I have discovered that perseverance, patience and bold determination are what most published authors have in common. So I write, not for success, not for money, not because it’s easy. I write to explore my inner world. I write because some mystical magnet draws me to my desk. I write to escape the mundane world of people and things. I write because I need to write. To me it’s a sort of innate longing, to get my thoughts, wild fantasies, opinions and stories on paper. I write because I love to write.

I grew up in Southeast England, in a coal mining village my husband calls, “The place that time forgot.” It is nestled between the notorious city of Canterbury and the medieval town of Dover. I came to Canada as a nanny when I was 21. This vast and majestic country has served me well, but England will always be home. I live in Alberta (western Canada) with my sports crazy husband, adorable Sheltie dog and cantankerous ginger cat. We have two grown children.

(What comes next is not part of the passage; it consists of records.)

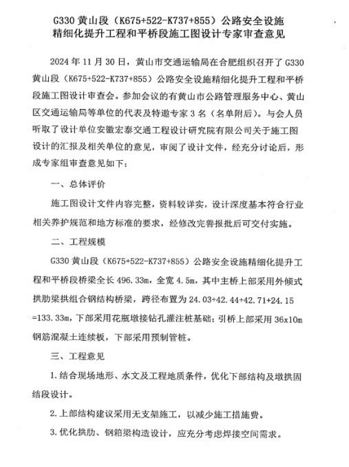 一、原则同意《G330黄山段(K675+522-K737+855)公路安全设施精细化提升工程》。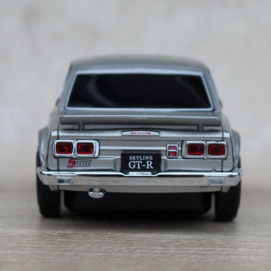 ミニカーのような見た目のマウスは、細部のディティールにまでこだわった仕上がりで、ヘッドライト・リアライトも点灯するという本格的な仕様。使わない時はデスクに手のひらサイズのミニカーとして飾っておくことができます。「ハコスカ」の愛称で呼ばれ、今も根強いファンの多い名車のディティールをデスクの上でじっくりお楽しみ頂けます。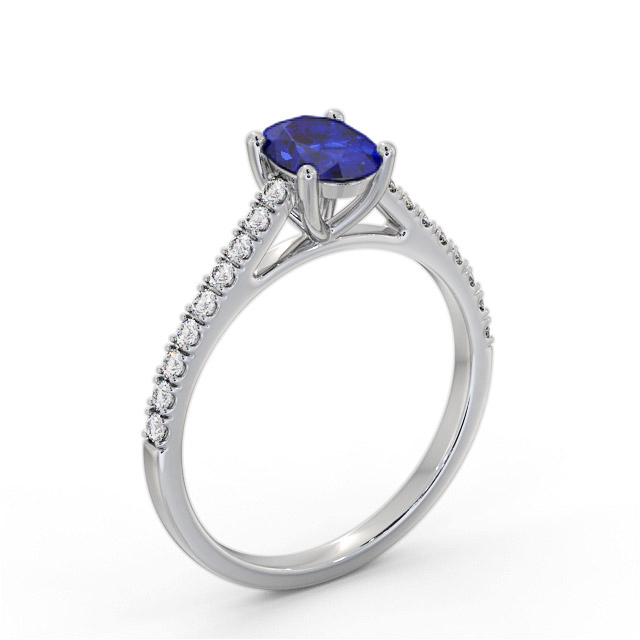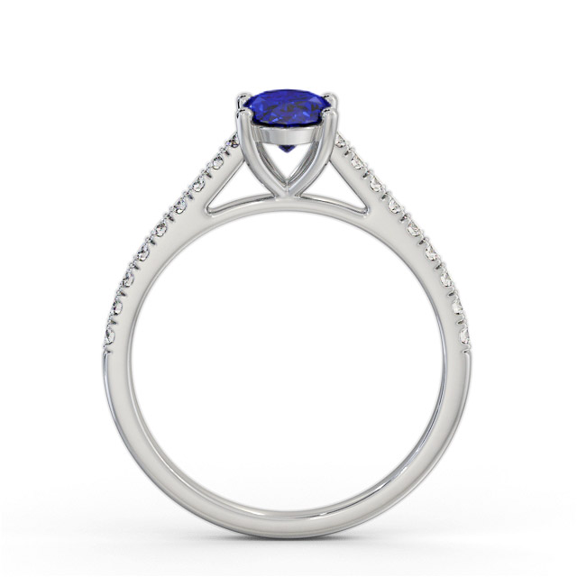 Brianda solitaire blue sapphire and diamond 1.20ct ring in Platinum. Ring with a single 1.00ct Oval shaped blue sapphire and a line of small Oval shaped diamonds along either side of the band totaling 0.20ct in diamond weight. This ring is available in a variety of metal types and your choice of natural or lab grown gems. We provide a free design service for any special modifications that you may require.

They are the gems in my treasure chest. I love this part of the world, except for the winters. It can be a chilly minus -30 for days on end. Burr…..

You can learn more about Pauline and Merryweather Lodge by visiting her website at: 


jrlindermuth said...

Even veterans can nod in agreement and acknowledge reminders of these lesson you've learned are worthy and true.

Pauline Holyoak said...

Thank you for taking the time to visit me here John.

libbarnes said...

read your blog at 7 this morn. I finished reading Ancient Revenge late last night, could not put it down and so looking forward to the next book in your trilogy.
It is nice to have some personal insight into your life. I now have a better understanding of your writing technique. I had to smile when I read about writing in long hand, you are so correct in that it is much easier to pen your thoughts then keystroking....I also agree that working from home can be difficult and requires alot of self discipline.
In my case, Facebook was an excellent advertising avenue for you, as I would not have known who you are or had the opportunity to read an excellent novel.
Keep pushing the pen!!! Waiting in eager anticipation for your next novel.
Libby Brett
Newmarket, Ontario

Pauline Holyoak said...

So glad you enjoyed my book Libby. And thank you for leaving me a comment. I will enter your name in my draw for a signed copy of my book. Nice for a gift if you've already read it.

libbarnes said...

It would make a lovely gift for my youngest daughter, Bobbi, who is an avid reader and prefers books to e-readers.